Cretatriacanthidae Temporal range: 83–70 Ma PreꞒ Ꞓ O S D C P T J K Pg N Late Cretaceous

Scientific classification
- Kingdom: Animalia
- Phylum: Chordata
- Class: Actinopterygii
- Order: Tetraodontiformes
- Suborder: †Plectocretacicoidei
- Family: †Cretatriacanthidae Tyler & Sorbini, 1996
- Genera: †Cretatriacanthus; †Slovenitriacanthus;

= Cretatriacanthidae =

Extinct family of fishes

Cretatriacanthidae is an extinct family of prehistoric marine ray-finned fish from the Late Cretaceous. It contains two genera, both known from southern Europe.
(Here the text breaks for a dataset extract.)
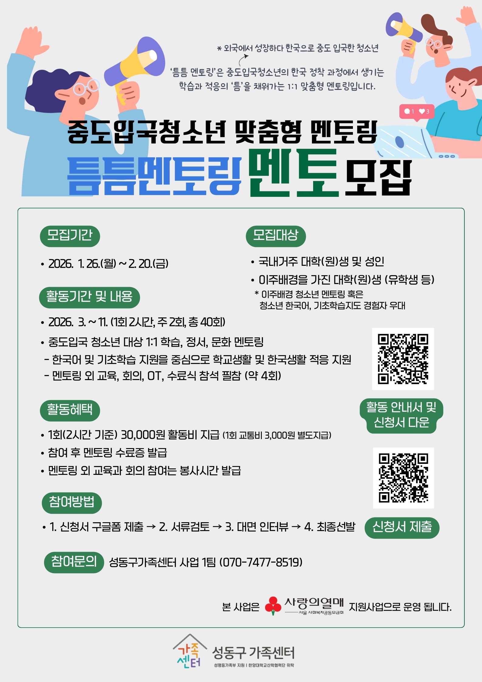 <성동구가족센터>는 모든 가족을 대상으로 가족상담, 가족교육, 가족돌봄, 가족여가문화,

Placed in the suborder Plectocretacicoidei alongside several other similar Cretaceous fish genera, they were long considered the earliest members of the extant order Tetraodontiformes. However, a 2024 study found that many of the alleged shared traits were also found among other acanthomorph lineages, and that other traits present within the Plectocretacicoidei are not known from modern Tetraodontiformes. For this reason, it considered them instead as basal members of an expanded Acanthuriformes (containing Tetraodontiformes and Lophiiformes as superorders, among others).